• **Work order**:
Transcribe exactly the line with "Оригинальный болт регулятора" and each line that follows it in the listing, down to the last, omitting all pictures.

• **Raw data**:
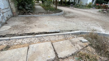 На улице все также снят асфальт, частично открыты люки, местами установлены новые бордюры. Напомним, заказчиком выступает ГКУ РК "Служба автомобильных дорог Республики Крым", подрядчик — ООО "РСК".
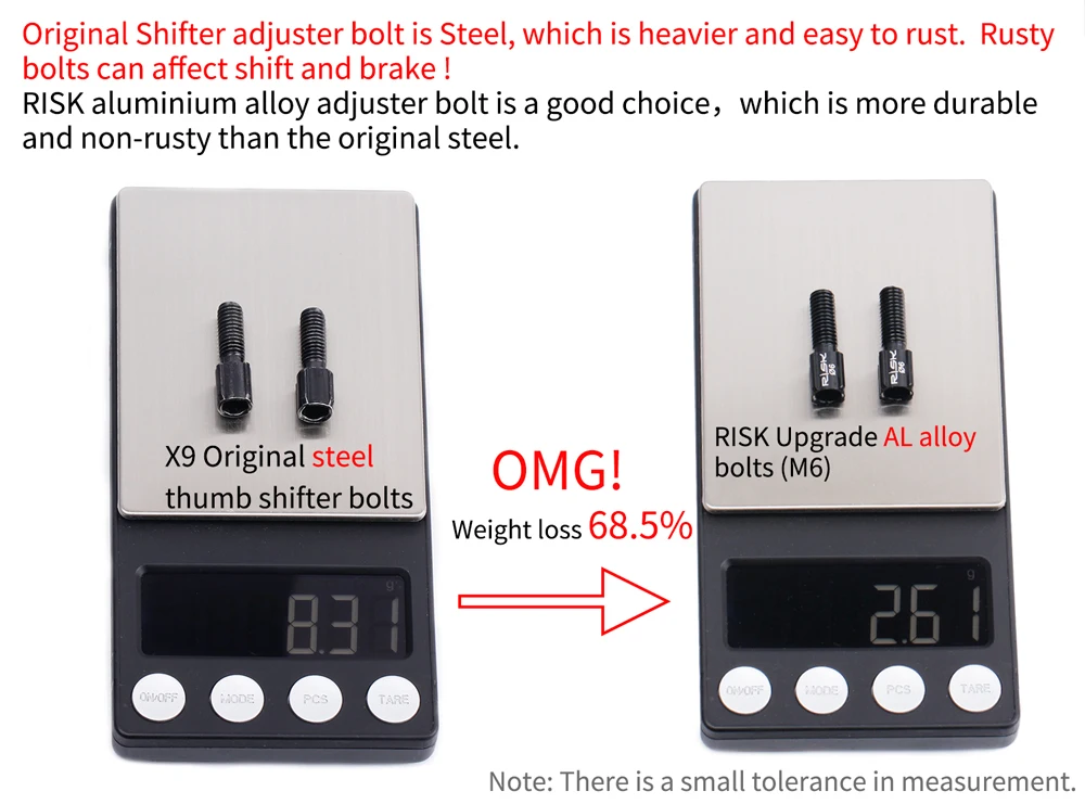 Оригинальный болт регулятора переключателя передач изготовлен из стали, которая тяжелее и легко ржавеет. Ржавые болты могут повлиять на переключение и тормоз!РЕГУЛИРОВОЧНЫЙ БОЛТ из алюминиевого сплава-хороший выбор, который прочнее и не ржавеет, чем оригинальная сталь.Оригинальные стальные болты переключения передач X9Риск обновления болты из сплава AL (M6)OMG!Потеря веса 68.5%Примечание: есть небольшая погрешность в измерениях.
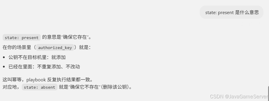 可见ansible安装和使用都非常简单,安装就是:输入,不存在则自动安装。

• **Response area**:
 Оригинальный болт регулятора переключателя передач изготовлен из стали, которая тяжелее и легко ржавеет. Ржавые болты могут повлиять на переключение и тормоз!РЕГУЛИРОВОЧНЫЙ БОЛТ из алюминиевого сплава-хороший выбор, который прочнее и не ржавеет, чем оригинальная сталь.Оригинальные стальные болты переключения передач X9Риск обновления болты из сплава AL (M6)OMG!Потеря веса 68.5%Примечание: есть небольшая погрешность в измерениях.
 可见ansible安装和使用都非常简单,安装就是:输入,不存在则自动安装。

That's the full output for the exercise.